(WHAT NEEDS TO BE DONE): Exclude all pictures, then restate the entries below word for word.

(GIVEN RECORDS):

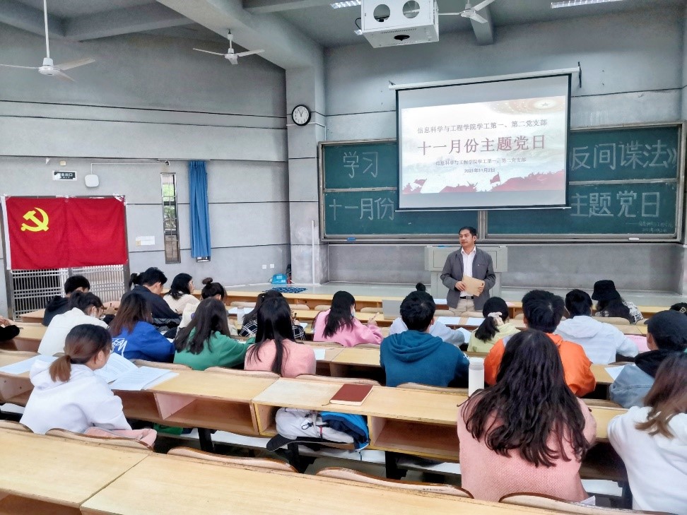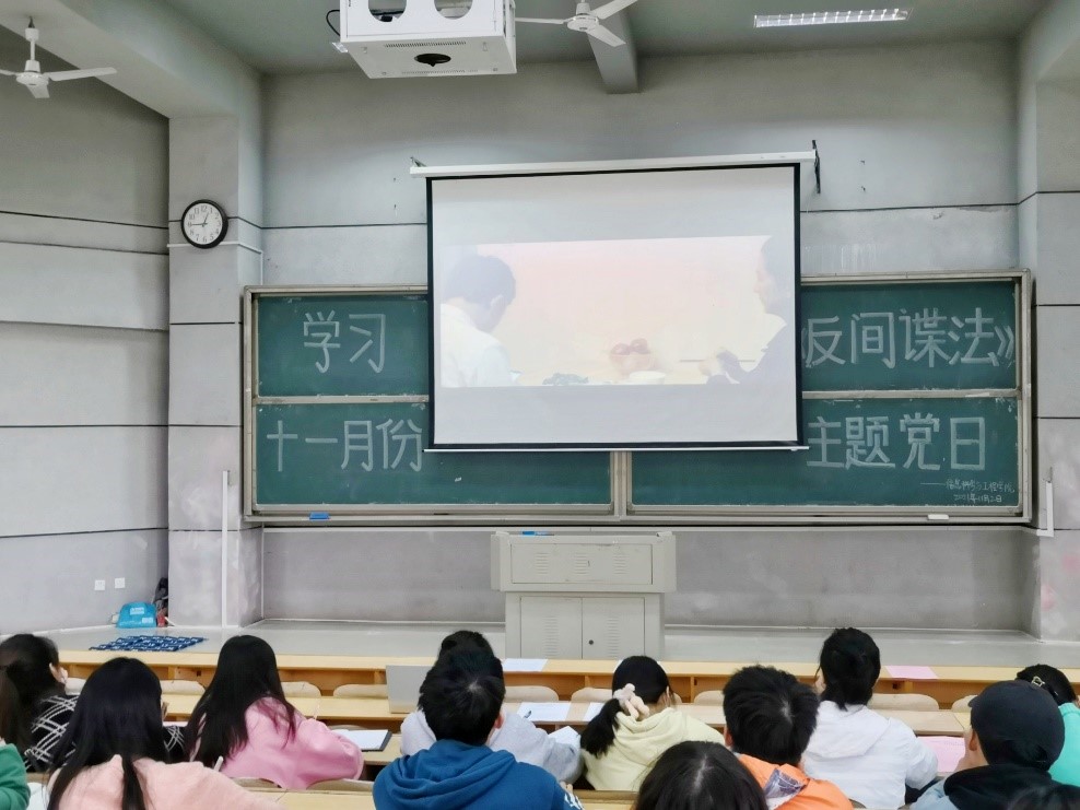 2021年11月2日,我院学工第一、第二党支部开展了“学习反间谍法”主题党日活动,学工第二党支部书记李荣敬老师,学工办叶晶老师和全体学生党员共同学习了《国家安全部有关负责人就<反间谍安全防范工作规定>答记者问》文件并观看了《微信陷阱》、《守护国家安全:请记住这个号码,12339》视频。此次主题党日旨在积极响应反间谍法颁布实施七周年纪念日,促使党员们在此次学习中认识到反间谍法是我国国家安全法律制度体系的重要组成部分,更加明确反间谍的必要性和国家安全的重要性。
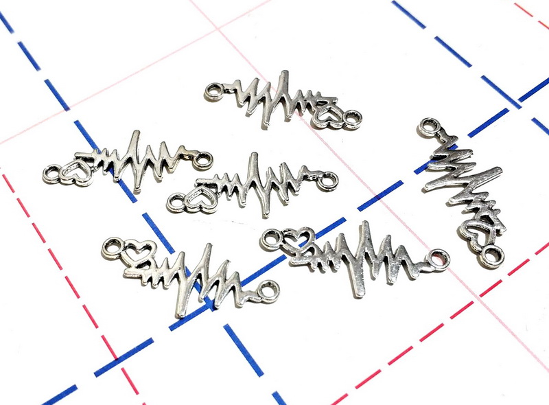 - 209 Подвеска-коннектор 14*30 мм Сердцебиение Серебро
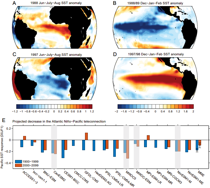 大西洋尼諾(也稱為大西洋緯向模態)是赤道大西洋年際變異的主模態,表現為年際尺度上赤道東大西洋海溫異常增暖(稱為大西洋尼諾)或變冷(稱為大西洋尼娜),且異常峰值出現在北半球夏季(6月-8月)。大西洋尼諾(尼娜)可通過加強(減弱)沃克環流,促進當年冬季太平洋拉尼娜(厄爾尼諾)的發展,從而成為厄爾尼諾-南方濤動(ENSO)的有效預測因子。極端ENSO事件因其海溫異常的強度大,會對全球氣候、生態系統和農業等產生顯著影響。而1900年以來的三次極端厄爾尼諾事件(1982/83、1997/98和2015/16厄爾尼諾),都伴隨有夏季的大西洋尼娜事件;兩次極端拉尼娜事件(1988/89和1998/99拉尼娜),也都與夏季的大西洋尼諾有關。隨著全球變暖,大西洋尼諾與太平洋及ENSO的關聯如何變化,目前尚不清楚。
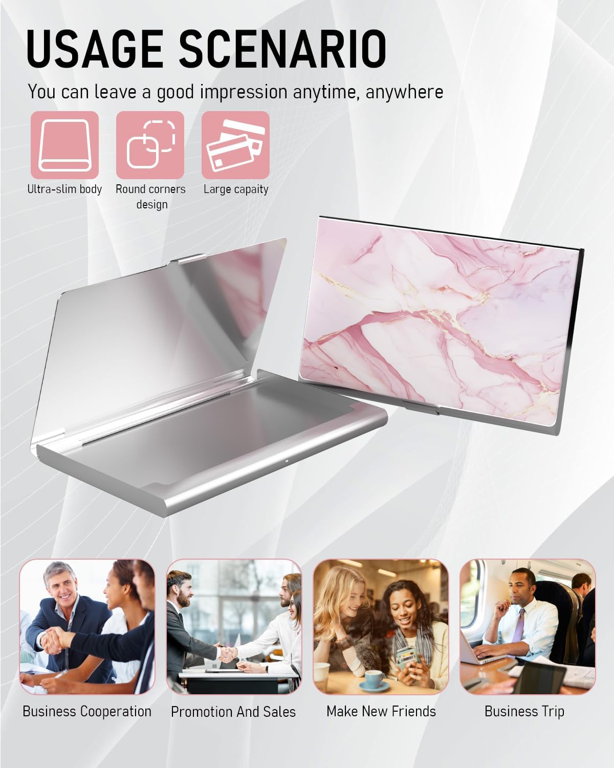 Business Card Metal Slim Organizer, Professional Stainless Steel Square Pocket Wallet for Office Workers, Compact and Portable for Pockets (Pink Marble
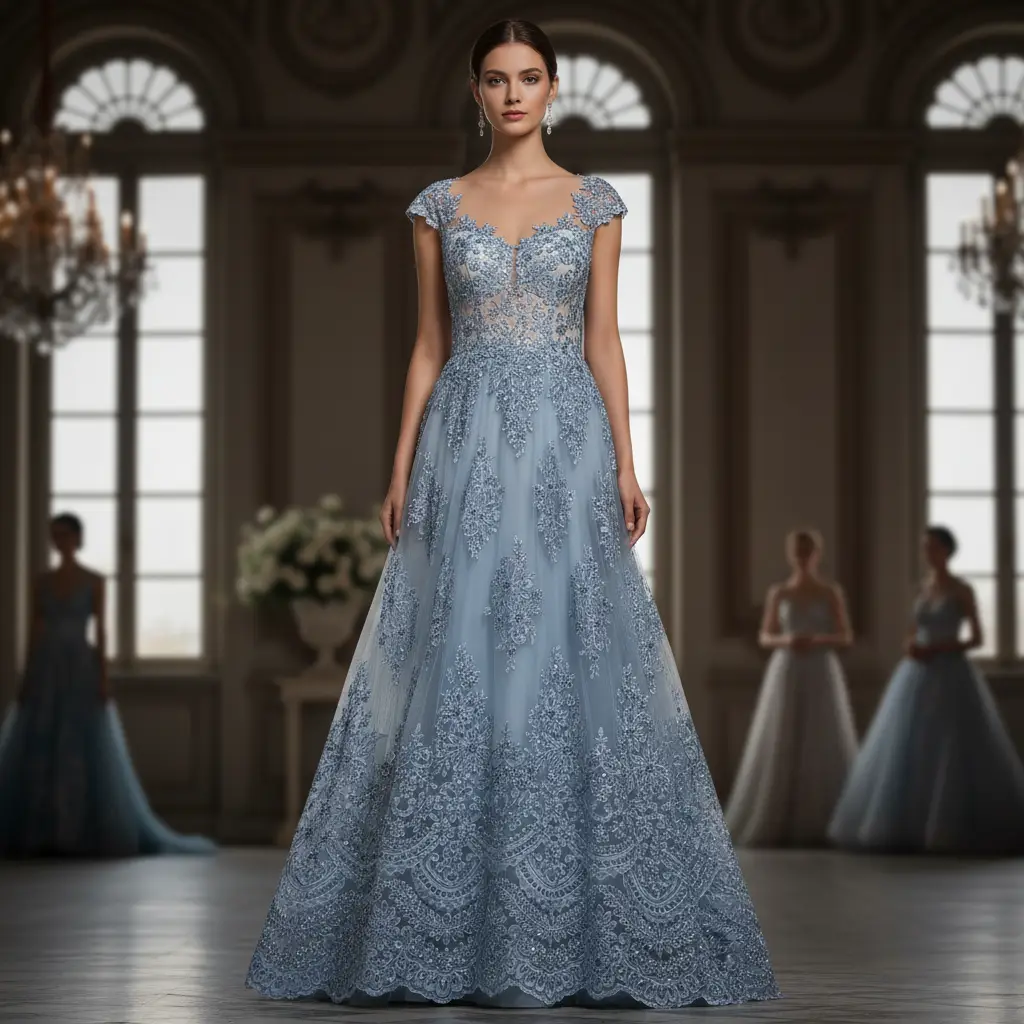 Tessuto Tulle mano seta ricamato con perline e con paillettes ideale per realizzare capi da cerimonia esclusivi ed eleganti.

(ANSWER SPACE):
 2021年11月2日,我院学工第一、第二党支部开展了“学习反间谍法”主题党日活动,学工第二党支部书记李荣敬老师,学工办叶晶老师和全体学生党员共同学习了《国家安全部有关负责人就<反间谍安全防范工作规定>答记者问》文件并观看了《微信陷阱》、《守护国家安全:请记住这个号码,12339》视频。此次主题党日旨在积极响应反间谍法颁布实施七周年纪念日,促使党员们在此次学习中认识到反间谍法是我国国家安全法律制度体系的重要组成部分,更加明确反间谍的必要性和国家安全的重要性。
 - 209 Подвеска-коннектор 14*30 мм Сердцебиение Серебро
 大西洋尼諾(也稱為大西洋緯向模態)是赤道大西洋年際變異的主模態,表現為年際尺度上赤道東大西洋海溫異常增暖(稱為大西洋尼諾)或變冷(稱為大西洋尼娜),且異常峰值出現在北半球夏季(6月-8月)。大西洋尼諾(尼娜)可通過加強(減弱)沃克環流,促進當年冬季太平洋拉尼娜(厄爾尼諾)的發展,從而成為厄爾尼諾-南方濤動(ENSO)的有效預測因子。極端ENSO事件因其海溫異常的強度大,會對全球氣候、生態系統和農業等產生顯著影響。而1900年以來的三次極端厄爾尼諾事件(1982/83、1997/98和2015/16厄爾尼諾),都伴隨有夏季的大西洋尼娜事件;兩次極端拉尼娜事件(1988/89和1998/99拉尼娜),也都與夏季的大西洋尼諾有關。隨著全球變暖,大西洋尼諾與太平洋及ENSO的關聯如何變化,目前尚不清楚。
 Business Card Metal Slim Organizer, Professional Stainless Steel Square Pocket Wallet for Office Workers, Compact and Portable for Pockets (Pink Marble
 Tessuto Tulle mano seta ricamato con perline e con paillettes ideale per realizzare capi da cerimonia esclusivi ed eleganti.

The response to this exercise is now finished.